In 1969, Lo launched sporting goods company Kunnan Enterprises Ltd.; it quickly became the world's biggest badminton producer.

The company began branding their rackets in 1978.

The brand was originally called "Kennedy", named after the President of the United States John F. Kennedy. Later, because the presidential brand was deemed too political, it was renamed to "Kennex"; then to "ProKennex" (「肯尼士」) to avoid conflict with tennis ball maker "Tennex".

They made the world's first mid-size graphite tennis racquet in 1980, followed by the world's first graphite squash racquet in 1983. ProKennex also began using carbon fiber technology and exporting to other countries via a U.S. company. By 1980, it grew to be the world's largest tennis racket manufacturer; its rackets were sold in more than 60 countries, accounting for 1/4 of the global market.

At that time, ProKennex owned the world's largest tennis racket factory, and it also made rackets for other global brands such as Prince, Dunlop, Fischer, and Adidas.

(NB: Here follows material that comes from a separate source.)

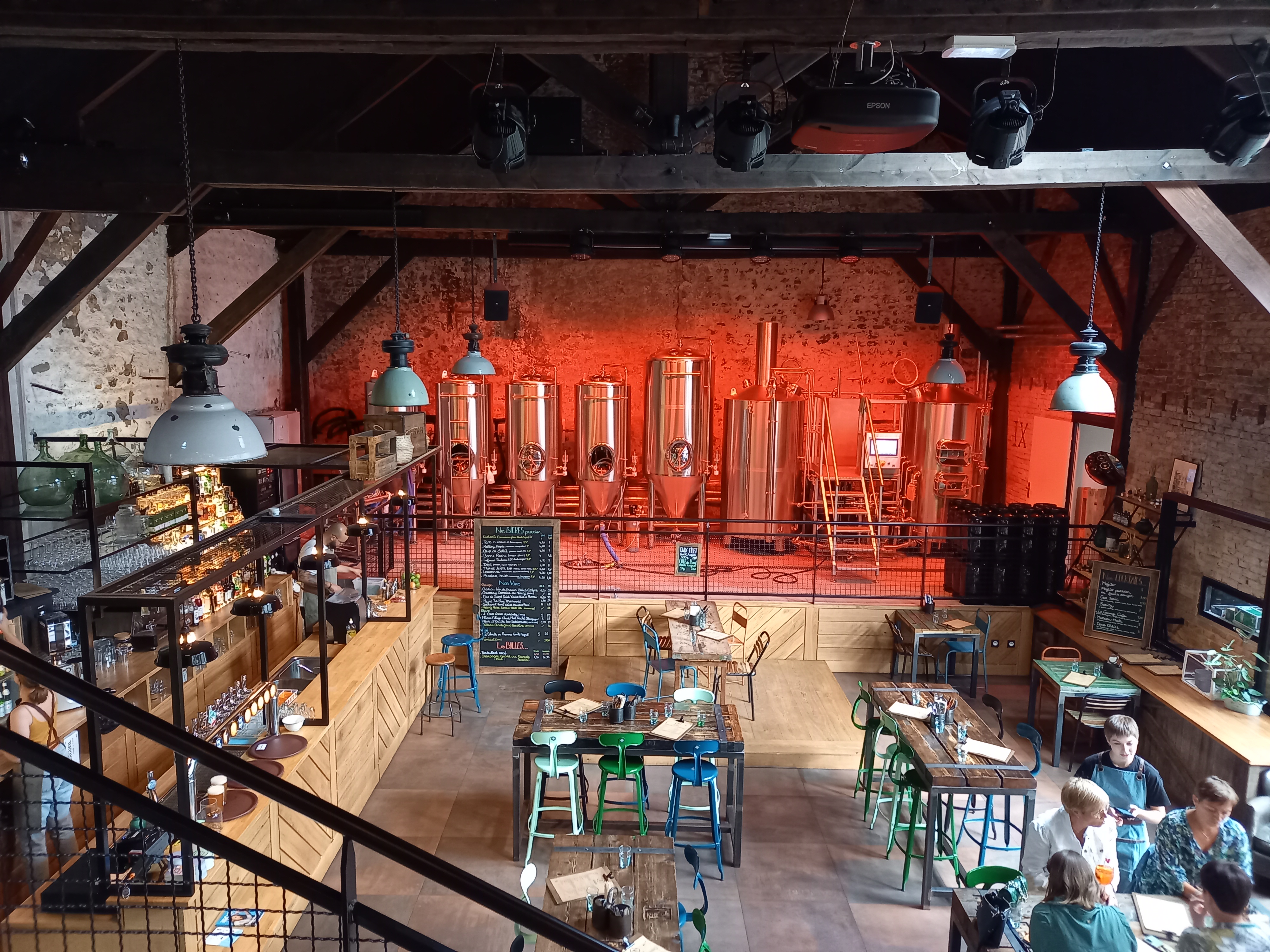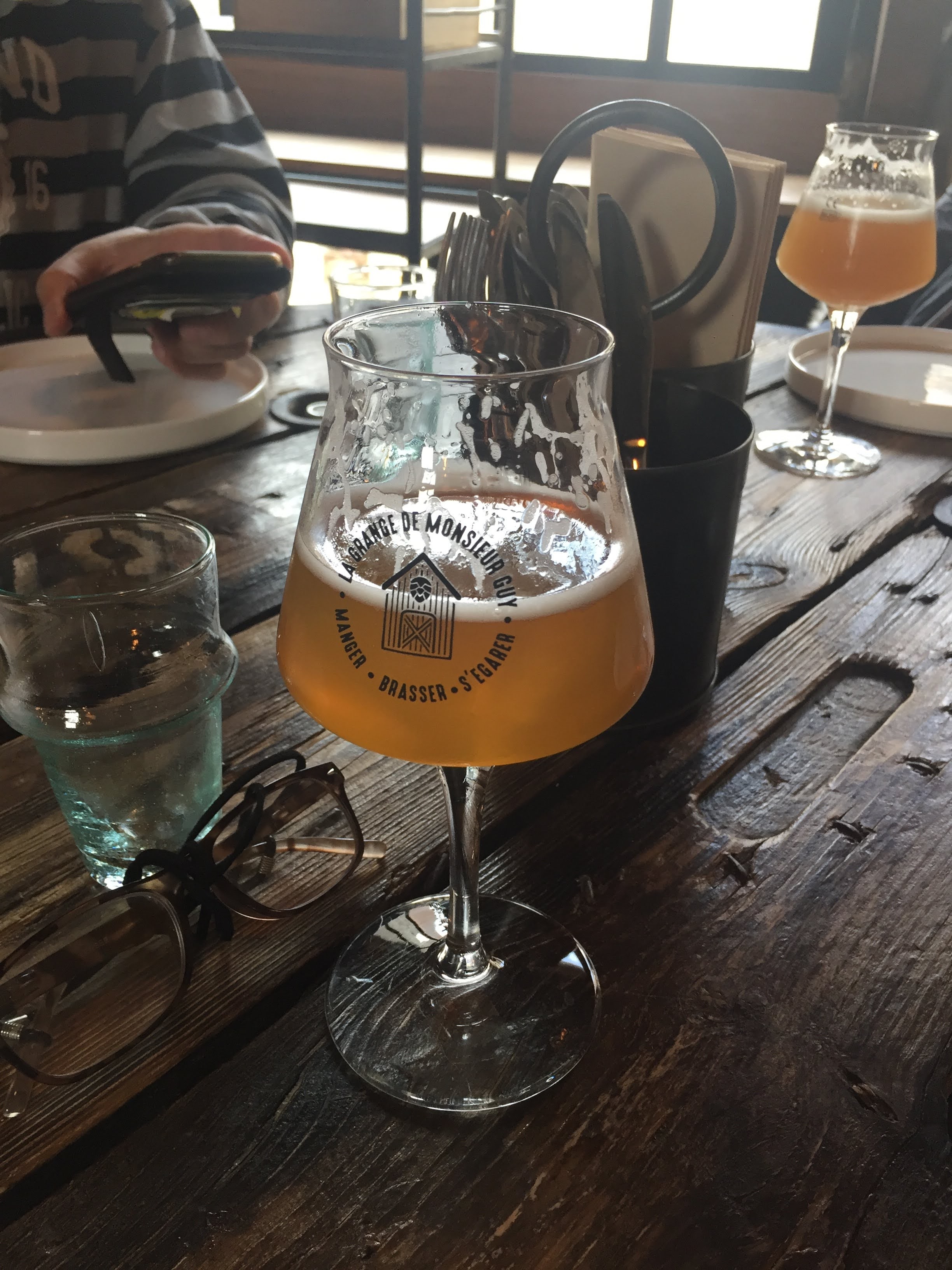 Super restaurant proposant une multitude de bières dont certaines brassées sur place. De nombreux petits plats à partager (ou pas...), c'est local, c'est frais, c'est ce qu'on aime ! Le cadre est vraiment sympa on retrouve les cuves qui servent à la bière, une immense verrière et les lumières sont tamisées pour une ambiance chaude et chaleureuse. Afin d'accéder à la grange il faut traverser la cave de monsieur Guy et le restaurant se trouve en face dans la cour. Vous pourrez retrouver d'autres adresses sur notre Mapstr: Gueyome 🙂
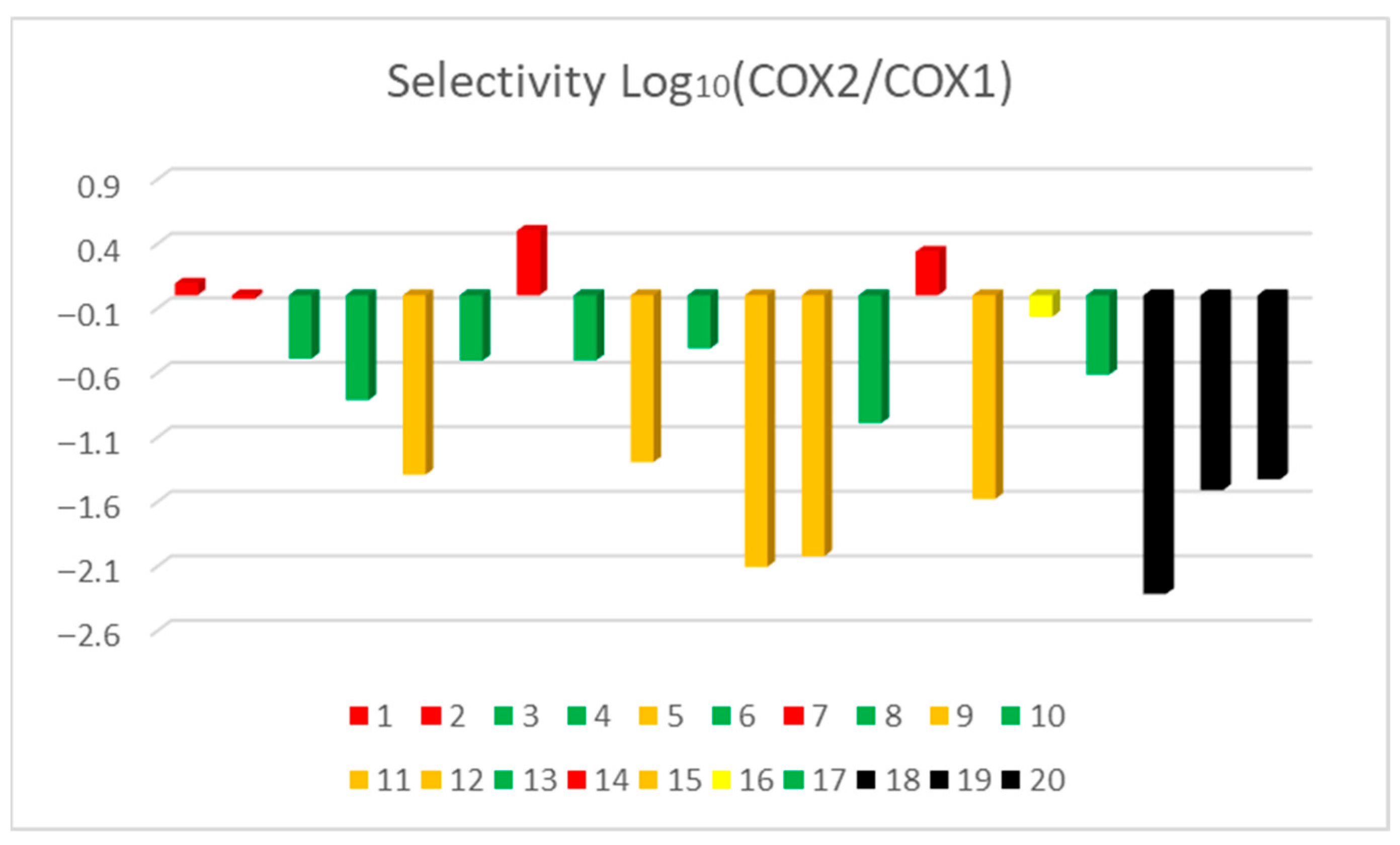 | Compound | Ki COX-1 | Ki COX-2 | Log10(Ki COX-2/Ki COX-1) | Compound | Ki COX-1 | Ki COX-2 | Log10(Ki COX-2/Ki COX-1) |

Professional tennis players sponsored by ProKennex included Li Na and Peng Shuai.

The company became known as the "Taiwan miracle".

During this heyday period, ProKennex began to make other sporting goods such as golf clubs, fishing rods, sneakers, and sportswear. Its parent company Kunnan Enterprises also expanded into unfamiliar ventures including computer, securities, and construction companies, and tried to start up a commercial bank.

ProKennex even owned a large hotel (「肯尼士太飯店」) in Taichung, now called "Grand City Hotel" (「五都大飯店」).

But the expansion and diversification proved too ambitious and complex; mounting financial liabilities forced Kunnan Enterprises into bankruptcy in 2000.

In 2002, ProKennex reorganized to focus on racket sports and Lo Kunnan retired from the business he founded.

==Related companies==
- Kennex is a separate entity from the reorganization and uses a similar company logo; it markets household items.
- 拓凱實業 is the global leader in carbon fiber tennis racket manufacturing; its founder 沈文振 is a former vice president at Kunnan.